Pete knew Helena was in love with Myka and that Myka was in love with Helena. Hell, the whole warehouse knew it but they had all agreed to let the two of them work it out on their own. It was proving to be a highly annoying decision because Helena and Myka had been dancing around the idea for so long it was beginning to wear on everyone. The temptation to butt in was becoming greater by the day.

Surprise, splashed across Helena's face. Pete scrambled, I just, since you like girls anyway, if given the choice, you would pick Myka. That's what he said in his head. Out loud he said, "You have a gigantic crush on Myka and everyone knows but her."

The inventor was unexpectedly taken back to the feelings which so often overcame her when tightly bound into Victorian corsets, she felt faint. "Ev-ev-everyone?" she stammered.

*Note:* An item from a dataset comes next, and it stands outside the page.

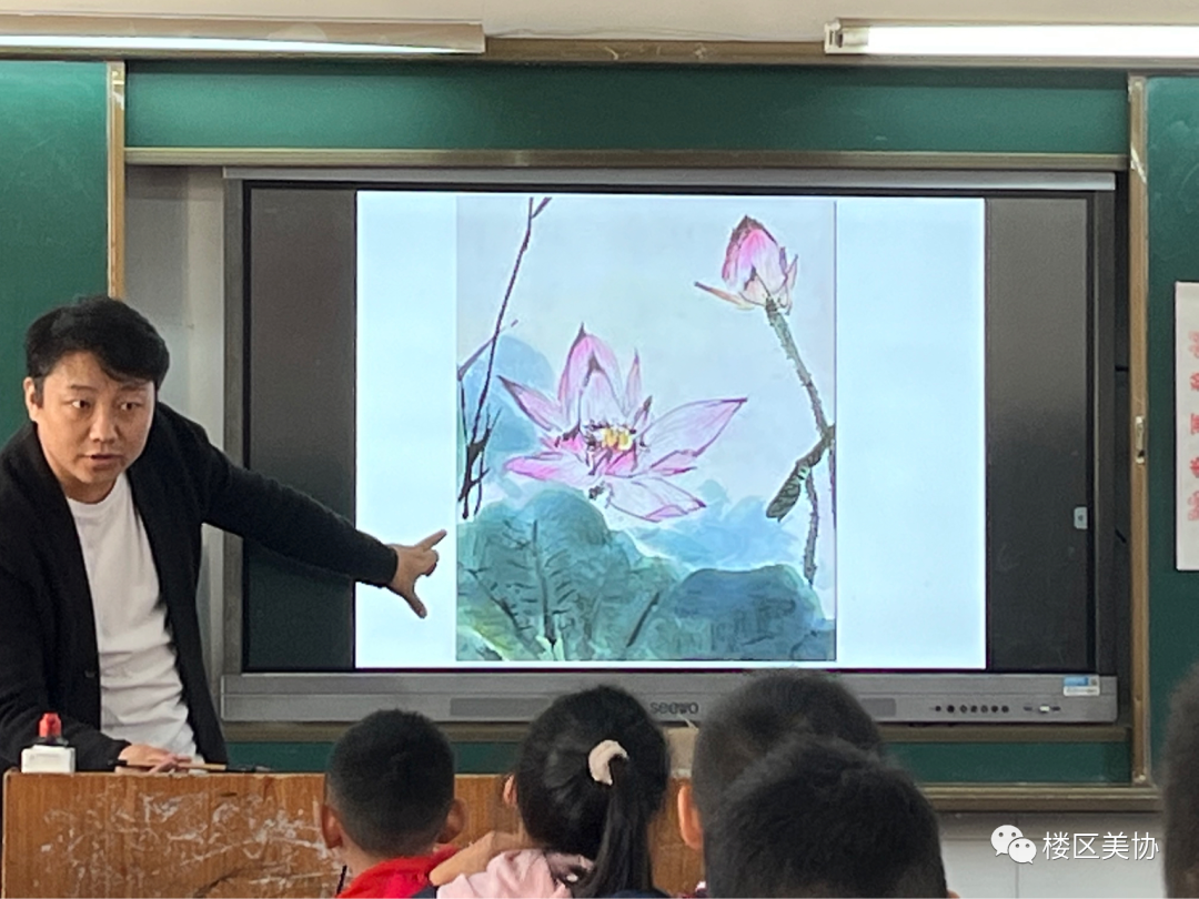 来自区文化馆红马甲市民艺术大学的霍治军老师带来一节生动的公益美术课《写意荷花》,领导及来宾进课堂观摩。霍治军老师做绘画示范,细致讲解作画步骤。学生兴趣浓厚,课堂气氛热烈。

Compassionately, Pete dropped the lasso and placed his hands on her shoulders to steady the woman. "Easy HG, I'm sorry. I have no idea why I told you that."

Rubbing her temples with an alabaster hand the woman sighed, "Of course we know why. It's the lasso, it's an artifact. It's always an artifact." In that moment, Helena chose to focus on rectifying the behavior of the misbehaving artifact rather than the uncomfortable revelation everyone knew she'd long ago lost her heart to Myka Bering. At least Myka still doesn't know. She would definitely talk to Pete more about this later.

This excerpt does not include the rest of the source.